▶ TASK REQUIREMENTS
Reproduce the listing exactly. Omit pictures.

▶ THE DATA
----------------

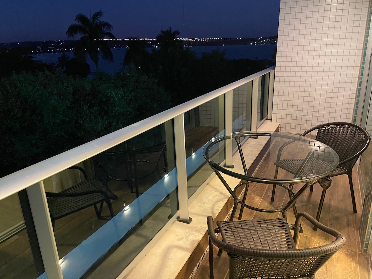湖景度假村(Lake View Resort)是一個罕見的美麗、安靜和高雅的地方!位於巴西利亞最高尚的地區,帕拉諾亞湖(Lago Paranoá)湖畔。 公寓位於巴西利亞最好的位置Asa Sul ,靠近市中心,那裡有三權廣場、部會廣場、普拉納爾圖宮、國民議會、高等法院和大使館區(距離美國大使館7分鐘車程)。
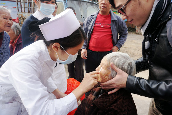 義診現(xiàn)場,前來義診的村民們絡繹不絕,村民們對醫(yī)生、護士們的醫(yī)療服務贊不絕口。
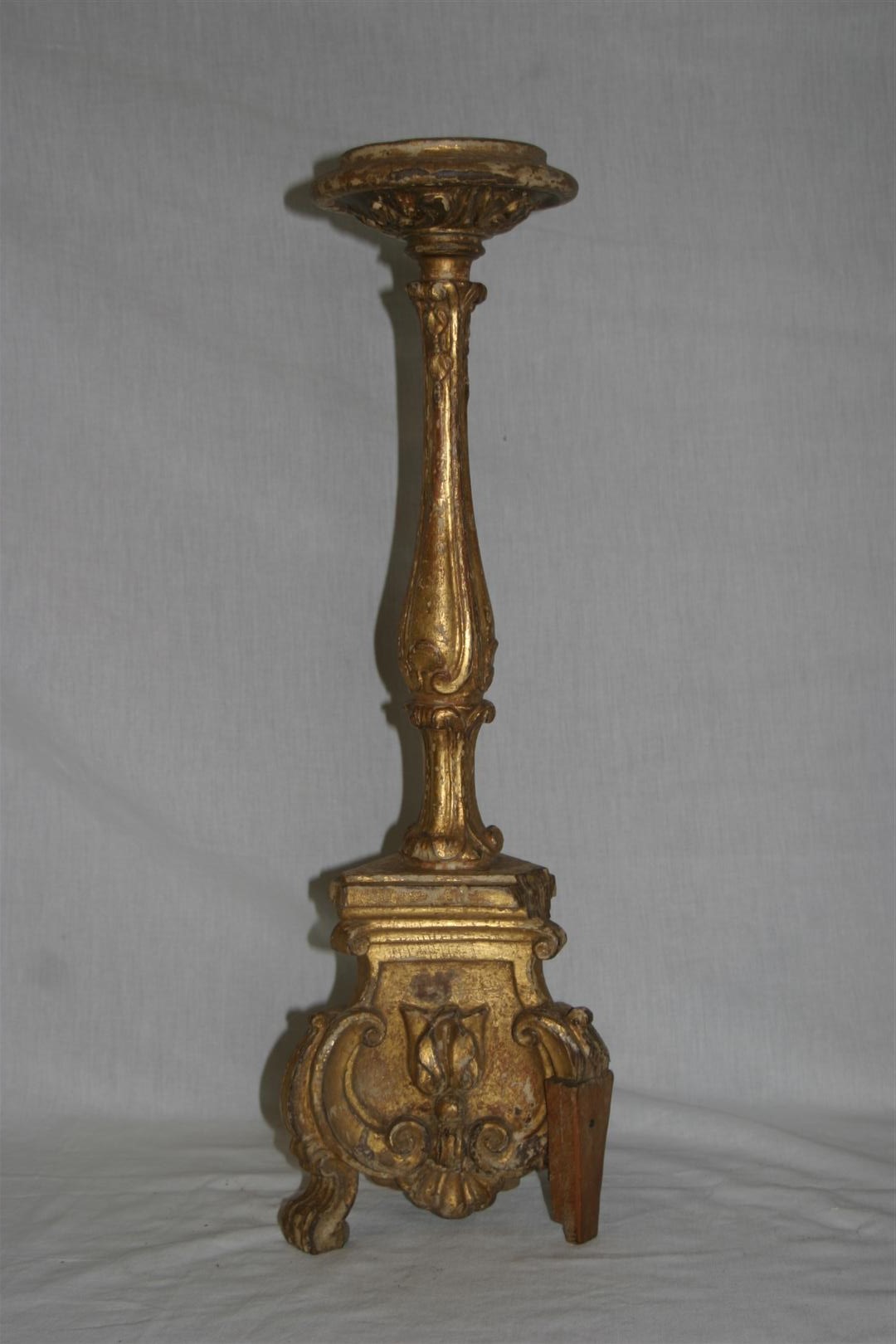 Tocheiro confeccionado em madeira entalhada, torneada e dourada. Apresenta haste vertical encimada por arandela circular na parte superior com orifício central para encaixe da vela. Na face inferior da arandela, motivos fitomorfos em relevo. Haste ornada por três estruturas verticais em gomos ladeados por volutas, tendo abaixo estrutura estriada arrematada por volutas. Haste apoiada sobre placa triangular escalonada. Base em tripé, trifacetada, contendo, em cada face, ornato central em folha de acanto, ladeada por volutas contrapostas. Pés em sapata, contornados por frisos e recortada por estrutura em curva.

----------------

▶ REPLY TO THE TASK
湖景度假村(Lake View Resort)是一個罕見的美麗、安靜和高雅的地方!位於巴西利亞最高尚的地區,帕拉諾亞湖(Lago Paranoá)湖畔。 公寓位於巴西利亞最好的位置Asa Sul ,靠近市中心,那裡有三權廣場、部會廣場、普拉納爾圖宮、國民議會、高等法院和大使館區(距離美國大使館7分鐘車程)。
 義診現(xiàn)場,前來義診的村民們絡繹不絕,村民們對醫(yī)生、護士們的醫(yī)療服務贊不絕口。
 Tocheiro confeccionado em madeira entalhada, torneada e dourada. Apresenta haste vertical encimada por arandela circular na parte superior com orifício central para encaixe da vela. Na face inferior da arandela, motivos fitomorfos em relevo. Haste ornada por três estruturas verticais em gomos ladeados por volutas, tendo abaixo estrutura estriada arrematada por volutas. Haste apoiada sobre placa triangular escalonada. Base em tripé, trifacetada, contendo, em cada face, ornato central em folha de acanto, ladeada por volutas contrapostas. Pés em sapata, contornados por frisos e recortada por estrutura em curva.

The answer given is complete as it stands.